According to one opinion, Animal cloning is allowed in Islam only if it bring benefits to all people and no harm is caused to the animal used in the cloning process.

==Animal cloning==
Cloned animals are used in medical research, pet cloning or for food.

=== Pet cloning ===
In 2005, an article in The Hastings Center Report said: Critics of pet cloning typically offer three objections: (1) the cloning process causes animals to suffer; (2) widely available pet cloning could have bad consequences for the overwhelming numbers of unwanted companion animals; and, (3) companies that offer pet cloning are deceiving and exploiting grieving pet owners.

=== Cloning animals for food ===
On December 28, 2006, the U.S. Food and Drug Administration (FDA) approved the consumption of meat and other products from cloned animals. Cloned-animal products were said to be indistinguishable from the non-cloned animals. Furthermore, companies would not be required to provide labels informing the consumer that the meat comes from a cloned animal. In 2007, some meat and dairy producers did propose a system to track all cloned animals as they move through the food chain, suggesting that a national database system integrated into the National Animal Identification System could eventually allow food labeling. However, as of 2013 no tracking system exists, and products from cloned animals are sold for human consumption in the United States.

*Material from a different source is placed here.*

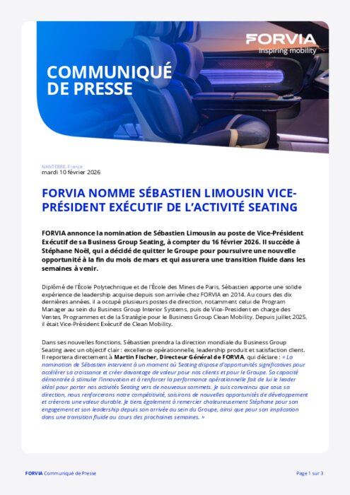 FORVIA annonce la nomination de Sébastien Limousin au poste de Vice-Président Exécutif de sa Business Group Seating, à compter du 16 février 2026. Il succède à Stéphane Noël, qui a décidé de quitter le Groupe pour poursuivre une nouvelle opportunité à la fin du mois de mars et qui assurera une transition fluide dans les semaines à venir.

Critics have raised objections to the FDA's approval of cloned-animal products for human consumption, arguing that the FDA's research was inadequate, inappropriately limited, and of questionable scientific validity. Several consumer-advocate groups are working to encourage a tracking program that would allow consumers to become more aware of cloned-animal products within their food.

A 2013 review noted that there is widespread misunderstanding about cloned and cattle, and found that cloned cattle that reached adulthood and entered the food supply were substantially equivalent to conventional cattle with respect to the quality of meat and milk, and with respect to their reproductive capability.

In 2015, the European Union voted to ban the cloning of farm animals (cattle, pigs, sheep, goats, and horses), and the sale of cloned livestock, their offspring, and products derived from them, such as meat and milk. The ban excluded cloning for research, and for the conservation of rare breeds and endangered species. However, no law was passed after the vote. As of 2024, horse cloning continues to be legal in the EU, with the Zangersheide registry in Belgium offering three cloned stallions for breeding.

== In popular culture ==

- Orphan Black, a Canadian television series, explores the ethics of cloning through its clone protagonists.
- The ethics of creating clones for organ harvesting (similar to savior siblings) is explored in Never Let Me Go by Kazuo Ishiguro.
- The ethical dilemma of cloning deceased loved ones as well as questions regarding the right of clones to exist alongside their original counterparts as equals are present in the Japanese version of the film Mewtwo Strikes Back and its accompanying radio drama.